Supplied material:
▬▬▬▬▬▬

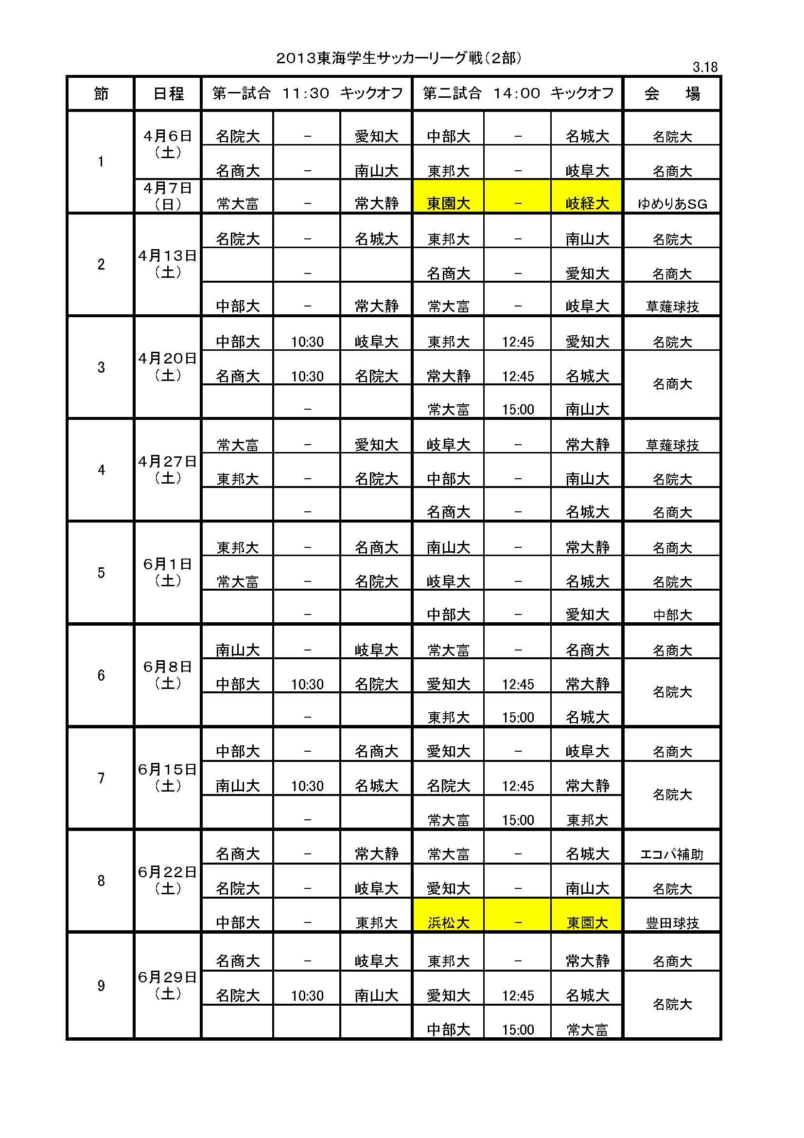 - 東海学生リーグ2部スケジュール
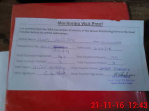 | Certified that this School was Inspected by the Undersigned MEA/DMO Today and the Information Stated Above is as Per Record. | |||||
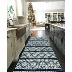 Skade 14 in.W x 72 in. D Blue and White Geometric Reversible Cotton Table Runner by LR Home
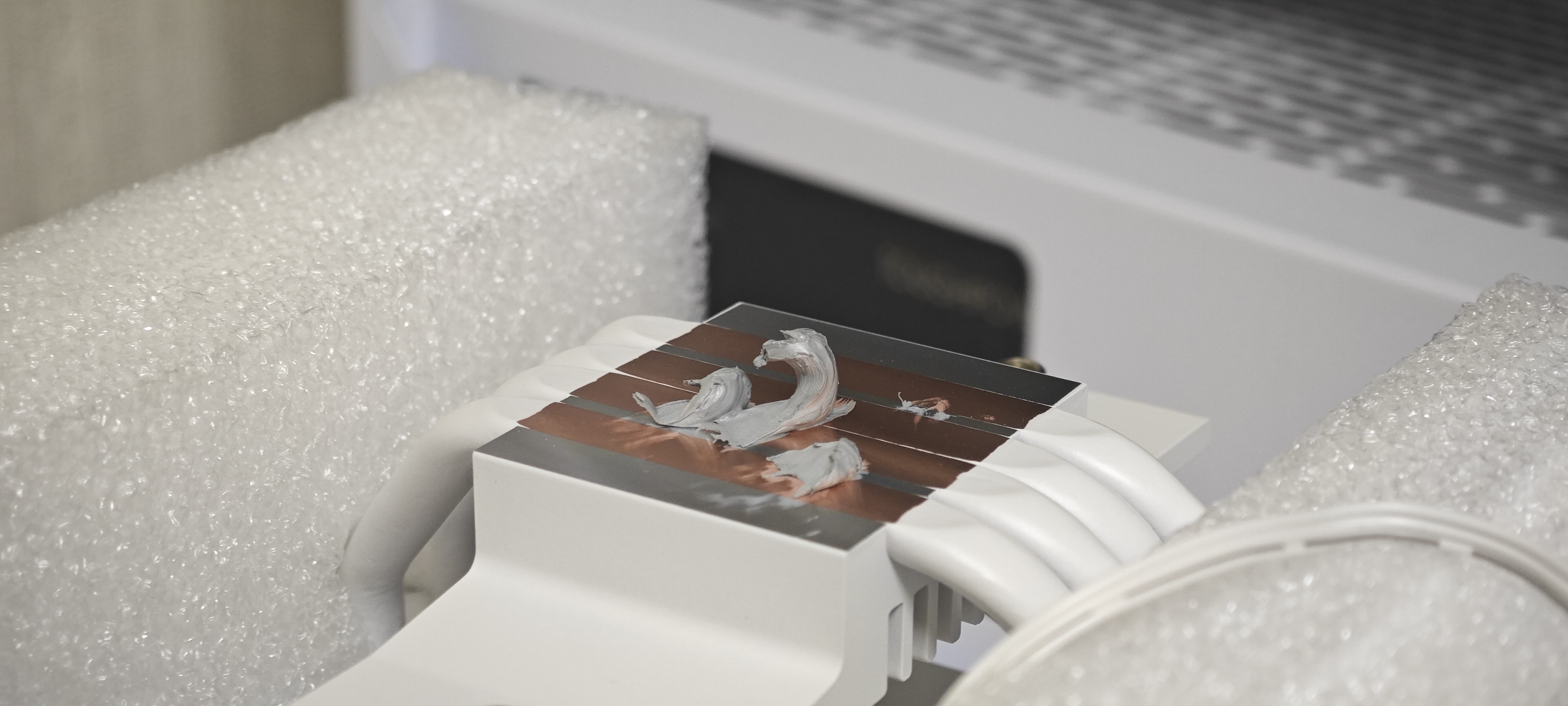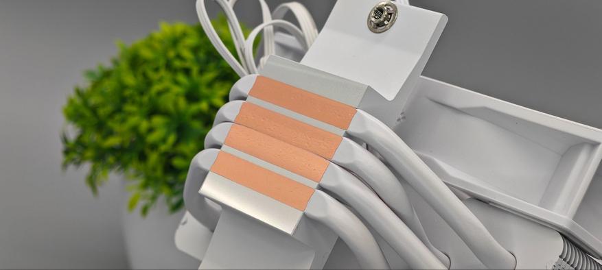 Тепловые трубки окрашены в белый цвет и располагаются не слишком плотно в основной пластине. Площадь пятна контакта дает немного свободы для хорошего распределения энергии для всех трубок.

▬▬▬▬▬▬

What to work on: Copy all the data exactly as written, but skip any picture.

Solution to this problem:
 - 東海学生リーグ2部スケジュール
 | Certified that this School was Inspected by the Undersigned MEA/DMO Today and the Information Stated Above is as Per Record. | |||||
 Skade 14 in.W x 72 in. D Blue and White Geometric Reversible Cotton Table Runner by LR Home
 Тепловые трубки окрашены в белый цвет и располагаются не слишком плотно в основной пластине. Площадь пятна контакта дает немного свободы для хорошего распределения энергии для всех трубок.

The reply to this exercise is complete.